The rough warmth of his fingers against my skin, the way he traced the curve of my spine absentmindedly like he was trying to memorize me with his hands.
I thought of his voice.
“Ptichka…”
Low and edged with something vulnerable when he said my name in the dark. That quiet, gritted kind of softness he hated showing the world but had never hidden from me.
I thought of his eyes.
Burning. Haunted. A wildfire and a graveyard all at once. Would they cry for me? Would they ever forgive me?
“Little bird…”
The ocean roared. And I flared my arms letting myself be held together in its embrace, pulling me under.
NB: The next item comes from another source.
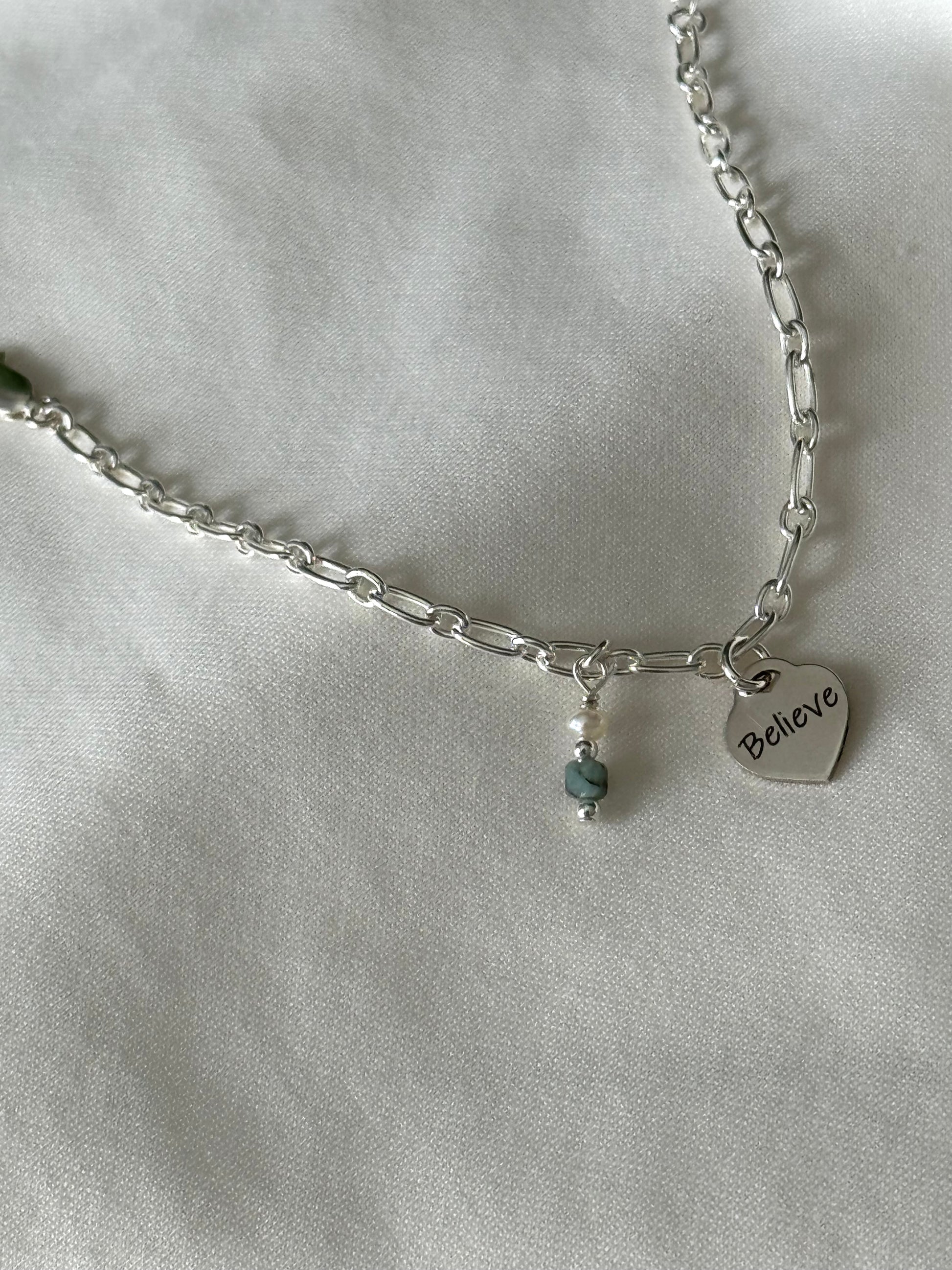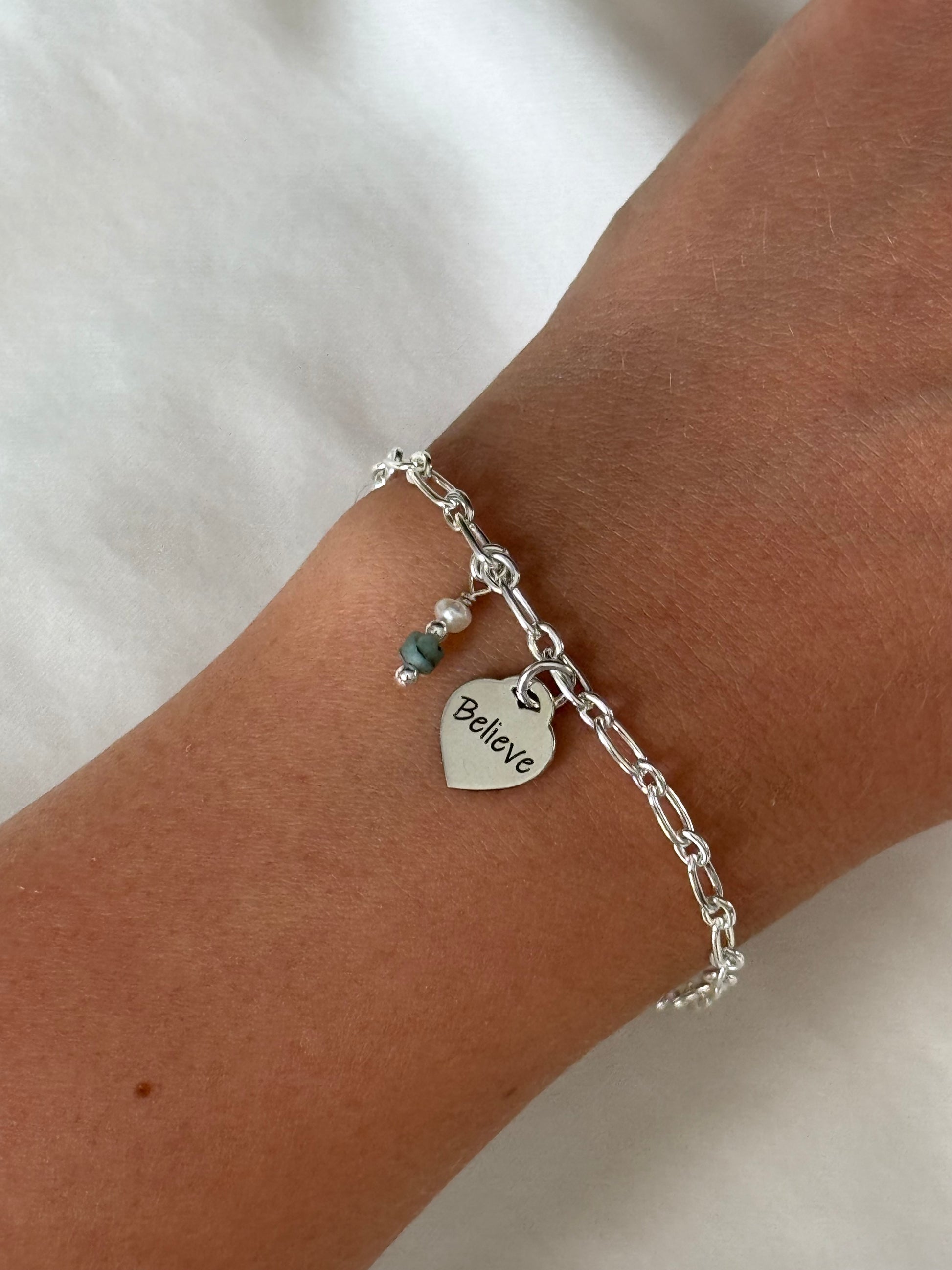 צמיד עשוי כסף 925 בשילוב תליון לב יפיפה הנושא את החריטה המרגשת “Believe”

Cold rushed in from every side as my body hit the water sinking deeper, invading my lungs, veins, and bones.
I exhaled.
A single, shuddering breath.
A single, trembling tear mixed with the vastness.
My body sank, deeper and deeper, the light above shrinking, fading, until there was nothing left but shadows.
Would he remember me like this?
Or would I become just another ghost in the wreckage of his heart?
The water curled around me, gentle now as my body relaxed. Like death was cradling me in its arms.
I closed my eyes.
And let go.
Maybe in another life, I wouldn’t be a ghost slipping through your fingers. Maybe I’d be the hand that stayed, the heart that didn’t shatter in your palms.
But not in this one. Not here. Here, I was meant to break you. You were meant to ruin me.
If you ever dream of me, Judas, just know that somewhere, somehow, I’m dreaming of you too. In the quiet between worlds. In the spaces where we were never torn apart. In the echoes of all the love we never got to live. Maybe the universe would be kinder next time. Maybe it wouldn’t turn me into a tragedy and you into the man who had to watch.
Maybe next time, I’d get to stay.
But for now-
Let me be the ghost you never stop chasing.